* [Your assignment]
Look below for the line containing "Photo by Roger"; from there through the line containing "A ilustração original", both lines included, please set down each line exactly and nothing else.

* [Available records]
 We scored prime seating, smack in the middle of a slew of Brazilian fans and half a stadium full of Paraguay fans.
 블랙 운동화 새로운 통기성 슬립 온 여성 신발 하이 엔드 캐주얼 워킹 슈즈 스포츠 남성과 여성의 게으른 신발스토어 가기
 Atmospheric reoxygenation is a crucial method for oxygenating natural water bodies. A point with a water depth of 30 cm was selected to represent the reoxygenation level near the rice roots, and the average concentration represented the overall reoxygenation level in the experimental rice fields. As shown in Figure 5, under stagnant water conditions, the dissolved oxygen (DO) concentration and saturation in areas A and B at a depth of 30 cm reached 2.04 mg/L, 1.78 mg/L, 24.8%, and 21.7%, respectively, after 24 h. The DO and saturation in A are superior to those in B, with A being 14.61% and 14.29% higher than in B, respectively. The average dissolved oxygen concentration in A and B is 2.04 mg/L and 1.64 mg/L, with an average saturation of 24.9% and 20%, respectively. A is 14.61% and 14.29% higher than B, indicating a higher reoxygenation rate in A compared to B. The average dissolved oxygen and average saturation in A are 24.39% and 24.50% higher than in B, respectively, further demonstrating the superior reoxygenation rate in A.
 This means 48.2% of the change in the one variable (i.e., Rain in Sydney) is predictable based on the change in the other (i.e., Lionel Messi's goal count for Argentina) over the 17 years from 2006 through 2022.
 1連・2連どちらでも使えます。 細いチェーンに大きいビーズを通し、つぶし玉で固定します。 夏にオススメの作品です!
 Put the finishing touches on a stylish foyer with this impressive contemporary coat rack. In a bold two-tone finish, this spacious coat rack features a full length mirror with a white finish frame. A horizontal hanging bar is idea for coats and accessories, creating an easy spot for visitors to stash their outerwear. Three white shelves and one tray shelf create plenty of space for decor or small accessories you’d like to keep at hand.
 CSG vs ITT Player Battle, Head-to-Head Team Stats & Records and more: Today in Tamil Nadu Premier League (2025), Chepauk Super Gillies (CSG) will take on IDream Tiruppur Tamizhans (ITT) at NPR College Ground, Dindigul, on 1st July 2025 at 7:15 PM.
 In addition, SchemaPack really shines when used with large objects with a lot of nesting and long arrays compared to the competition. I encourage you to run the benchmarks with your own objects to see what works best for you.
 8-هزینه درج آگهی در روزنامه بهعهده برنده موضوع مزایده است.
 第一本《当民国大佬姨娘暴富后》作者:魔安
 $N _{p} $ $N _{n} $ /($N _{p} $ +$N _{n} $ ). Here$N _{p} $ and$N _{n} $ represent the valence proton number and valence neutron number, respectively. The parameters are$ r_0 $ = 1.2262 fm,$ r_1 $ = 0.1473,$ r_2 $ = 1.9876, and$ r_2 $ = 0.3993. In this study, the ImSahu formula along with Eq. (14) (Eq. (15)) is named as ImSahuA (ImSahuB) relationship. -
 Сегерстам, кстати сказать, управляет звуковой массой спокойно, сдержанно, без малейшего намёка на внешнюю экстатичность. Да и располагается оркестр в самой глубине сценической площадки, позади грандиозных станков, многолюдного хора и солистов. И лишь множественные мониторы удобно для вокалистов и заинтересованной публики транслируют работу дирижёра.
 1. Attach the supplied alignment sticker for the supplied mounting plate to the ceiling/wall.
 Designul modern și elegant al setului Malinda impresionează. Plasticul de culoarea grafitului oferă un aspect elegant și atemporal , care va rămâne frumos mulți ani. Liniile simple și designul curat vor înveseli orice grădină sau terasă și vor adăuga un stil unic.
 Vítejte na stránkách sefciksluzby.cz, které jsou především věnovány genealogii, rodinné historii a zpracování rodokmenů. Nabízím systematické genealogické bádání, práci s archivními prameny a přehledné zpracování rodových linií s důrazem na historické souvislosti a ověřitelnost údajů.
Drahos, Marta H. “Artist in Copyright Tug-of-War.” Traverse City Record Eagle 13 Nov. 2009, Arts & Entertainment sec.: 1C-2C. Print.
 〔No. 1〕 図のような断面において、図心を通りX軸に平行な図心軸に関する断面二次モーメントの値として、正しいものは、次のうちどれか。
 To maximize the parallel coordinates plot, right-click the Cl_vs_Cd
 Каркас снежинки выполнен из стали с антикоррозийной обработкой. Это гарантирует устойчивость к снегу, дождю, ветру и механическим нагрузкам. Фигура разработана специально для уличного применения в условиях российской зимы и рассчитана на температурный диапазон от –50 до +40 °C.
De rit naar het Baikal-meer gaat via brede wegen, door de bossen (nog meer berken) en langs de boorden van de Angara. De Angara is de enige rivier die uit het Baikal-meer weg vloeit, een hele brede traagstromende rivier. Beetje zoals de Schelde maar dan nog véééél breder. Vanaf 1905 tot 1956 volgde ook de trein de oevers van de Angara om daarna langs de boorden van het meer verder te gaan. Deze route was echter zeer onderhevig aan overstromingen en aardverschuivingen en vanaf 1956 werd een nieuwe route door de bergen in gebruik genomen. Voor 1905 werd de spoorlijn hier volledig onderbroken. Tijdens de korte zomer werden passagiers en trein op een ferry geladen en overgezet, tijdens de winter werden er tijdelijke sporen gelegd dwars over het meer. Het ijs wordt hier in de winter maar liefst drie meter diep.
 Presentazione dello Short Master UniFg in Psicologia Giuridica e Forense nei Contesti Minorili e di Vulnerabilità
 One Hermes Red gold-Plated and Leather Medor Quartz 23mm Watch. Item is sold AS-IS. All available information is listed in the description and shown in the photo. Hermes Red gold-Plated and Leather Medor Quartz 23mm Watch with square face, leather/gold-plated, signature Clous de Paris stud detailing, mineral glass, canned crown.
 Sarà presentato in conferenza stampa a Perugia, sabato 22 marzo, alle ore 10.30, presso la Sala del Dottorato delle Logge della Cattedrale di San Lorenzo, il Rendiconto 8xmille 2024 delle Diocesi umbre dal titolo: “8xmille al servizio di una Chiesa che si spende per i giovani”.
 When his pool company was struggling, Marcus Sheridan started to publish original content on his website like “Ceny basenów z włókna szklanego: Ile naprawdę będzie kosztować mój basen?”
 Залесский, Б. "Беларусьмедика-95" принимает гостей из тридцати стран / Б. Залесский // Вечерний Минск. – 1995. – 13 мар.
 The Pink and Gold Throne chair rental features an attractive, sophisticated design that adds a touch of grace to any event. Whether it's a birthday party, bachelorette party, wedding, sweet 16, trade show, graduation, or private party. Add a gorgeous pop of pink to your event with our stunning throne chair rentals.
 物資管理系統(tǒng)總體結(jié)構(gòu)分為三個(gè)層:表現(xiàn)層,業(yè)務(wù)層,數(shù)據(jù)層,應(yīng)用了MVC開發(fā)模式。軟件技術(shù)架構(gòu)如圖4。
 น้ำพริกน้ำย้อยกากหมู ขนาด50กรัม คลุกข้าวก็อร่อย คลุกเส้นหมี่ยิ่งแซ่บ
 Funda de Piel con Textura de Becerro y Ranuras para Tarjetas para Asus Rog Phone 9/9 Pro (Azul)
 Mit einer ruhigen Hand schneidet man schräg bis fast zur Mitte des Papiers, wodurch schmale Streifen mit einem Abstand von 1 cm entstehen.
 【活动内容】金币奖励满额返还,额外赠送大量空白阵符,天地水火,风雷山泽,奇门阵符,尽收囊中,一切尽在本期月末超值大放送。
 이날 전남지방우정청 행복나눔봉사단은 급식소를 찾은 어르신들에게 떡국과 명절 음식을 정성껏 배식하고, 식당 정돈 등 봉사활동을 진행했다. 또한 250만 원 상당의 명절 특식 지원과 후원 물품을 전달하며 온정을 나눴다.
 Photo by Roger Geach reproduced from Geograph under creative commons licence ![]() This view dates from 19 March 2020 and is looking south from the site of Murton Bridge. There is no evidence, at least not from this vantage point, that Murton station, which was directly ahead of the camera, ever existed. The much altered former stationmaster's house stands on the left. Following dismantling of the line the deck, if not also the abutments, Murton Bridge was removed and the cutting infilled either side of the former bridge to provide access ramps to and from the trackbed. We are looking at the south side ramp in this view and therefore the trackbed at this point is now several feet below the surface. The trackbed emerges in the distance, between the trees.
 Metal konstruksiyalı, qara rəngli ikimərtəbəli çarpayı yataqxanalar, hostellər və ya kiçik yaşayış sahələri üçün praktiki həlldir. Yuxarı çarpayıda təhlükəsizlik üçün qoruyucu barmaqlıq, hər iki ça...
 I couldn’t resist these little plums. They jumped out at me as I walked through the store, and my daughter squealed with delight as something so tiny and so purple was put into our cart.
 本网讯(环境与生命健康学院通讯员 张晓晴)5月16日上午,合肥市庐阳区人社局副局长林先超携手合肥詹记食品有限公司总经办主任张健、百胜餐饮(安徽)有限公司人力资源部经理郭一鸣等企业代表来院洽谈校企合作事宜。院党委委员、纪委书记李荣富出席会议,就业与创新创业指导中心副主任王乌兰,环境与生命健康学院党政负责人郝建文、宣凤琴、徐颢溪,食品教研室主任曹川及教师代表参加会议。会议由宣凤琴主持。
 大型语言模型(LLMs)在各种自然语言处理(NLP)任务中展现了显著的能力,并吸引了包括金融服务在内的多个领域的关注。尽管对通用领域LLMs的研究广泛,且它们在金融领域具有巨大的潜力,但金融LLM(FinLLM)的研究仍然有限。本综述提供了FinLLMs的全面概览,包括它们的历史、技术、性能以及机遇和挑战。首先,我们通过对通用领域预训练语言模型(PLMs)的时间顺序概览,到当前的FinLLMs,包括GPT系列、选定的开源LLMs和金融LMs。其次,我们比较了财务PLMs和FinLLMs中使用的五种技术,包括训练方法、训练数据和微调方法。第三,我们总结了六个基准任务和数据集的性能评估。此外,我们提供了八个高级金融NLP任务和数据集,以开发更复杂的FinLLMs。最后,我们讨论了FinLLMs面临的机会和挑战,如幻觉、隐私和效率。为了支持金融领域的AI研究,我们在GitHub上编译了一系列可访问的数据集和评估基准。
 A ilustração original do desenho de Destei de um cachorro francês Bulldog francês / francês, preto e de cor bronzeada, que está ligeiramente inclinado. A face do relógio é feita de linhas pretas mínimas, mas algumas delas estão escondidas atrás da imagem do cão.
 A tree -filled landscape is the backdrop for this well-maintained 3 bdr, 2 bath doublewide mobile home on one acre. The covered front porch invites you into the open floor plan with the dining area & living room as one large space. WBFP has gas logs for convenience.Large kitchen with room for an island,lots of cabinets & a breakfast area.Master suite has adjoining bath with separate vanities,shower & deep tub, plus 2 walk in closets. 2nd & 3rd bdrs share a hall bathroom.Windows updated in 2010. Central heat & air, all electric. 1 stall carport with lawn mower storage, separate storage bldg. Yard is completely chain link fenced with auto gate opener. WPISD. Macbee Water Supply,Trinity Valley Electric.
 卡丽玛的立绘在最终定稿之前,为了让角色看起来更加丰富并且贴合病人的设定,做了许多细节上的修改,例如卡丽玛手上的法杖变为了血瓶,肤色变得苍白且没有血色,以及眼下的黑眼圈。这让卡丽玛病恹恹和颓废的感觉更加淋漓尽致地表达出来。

* [Solution for this problem]
 Photo by Roger Geach reproduced from Geograph under creative commons licence ![]() This view dates from 19 March 2020 and is looking south from the site of Murton Bridge. There is no evidence, at least not from this vantage point, that Murton station, which was directly ahead of the camera, ever existed. The much altered former stationmaster's house stands on the left. Following dismantling of the line the deck, if not also the abutments, Murton Bridge was removed and the cutting infilled either side of the former bridge to provide access ramps to and from the trackbed. We are looking at the south side ramp in this view and therefore the trackbed at this point is now several feet below the surface. The trackbed emerges in the distance, between the trees.
 Metal konstruksiyalı, qara rəngli ikimərtəbəli çarpayı yataqxanalar, hostellər və ya kiçik yaşayış sahələri üçün praktiki həlldir. Yuxarı çarpayıda təhlükəsizlik üçün qoruyucu barmaqlıq, hər iki ça...
 I couldn’t resist these little plums. They jumped out at me as I walked through the store, and my daughter squealed with delight as something so tiny and so purple was put into our cart.
 本网讯(环境与生命健康学院通讯员 张晓晴)5月16日上午,合肥市庐阳区人社局副局长林先超携手合肥詹记食品有限公司总经办主任张健、百胜餐饮(安徽)有限公司人力资源部经理郭一鸣等企业代表来院洽谈校企合作事宜。院党委委员、纪委书记李荣富出席会议,就业与创新创业指导中心副主任王乌兰,环境与生命健康学院党政负责人郝建文、宣凤琴、徐颢溪,食品教研室主任曹川及教师代表参加会议。会议由宣凤琴主持。
 大型语言模型(LLMs)在各种自然语言处理(NLP)任务中展现了显著的能力,并吸引了包括金融服务在内的多个领域的关注。尽管对通用领域LLMs的研究广泛,且它们在金融领域具有巨大的潜力,但金融LLM(FinLLM)的研究仍然有限。本综述提供了FinLLMs的全面概览,包括它们的历史、技术、性能以及机遇和挑战。首先,我们通过对通用领域预训练语言模型(PLMs)的时间顺序概览,到当前的FinLLMs,包括GPT系列、选定的开源LLMs和金融LMs。其次,我们比较了财务PLMs和FinLLMs中使用的五种技术,包括训练方法、训练数据和微调方法。第三,我们总结了六个基准任务和数据集的性能评估。此外,我们提供了八个高级金融NLP任务和数据集,以开发更复杂的FinLLMs。最后,我们讨论了FinLLMs面临的机会和挑战,如幻觉、隐私和效率。为了支持金融领域的AI研究,我们在GitHub上编译了一系列可访问的数据集和评估基准。
 A ilustração original do desenho de Destei de um cachorro francês Bulldog francês / francês, preto e de cor bronzeada, que está ligeiramente inclinado. A face do relógio é feita de linhas pretas mínimas, mas algumas delas estão escondidas atrás da imagem do cão.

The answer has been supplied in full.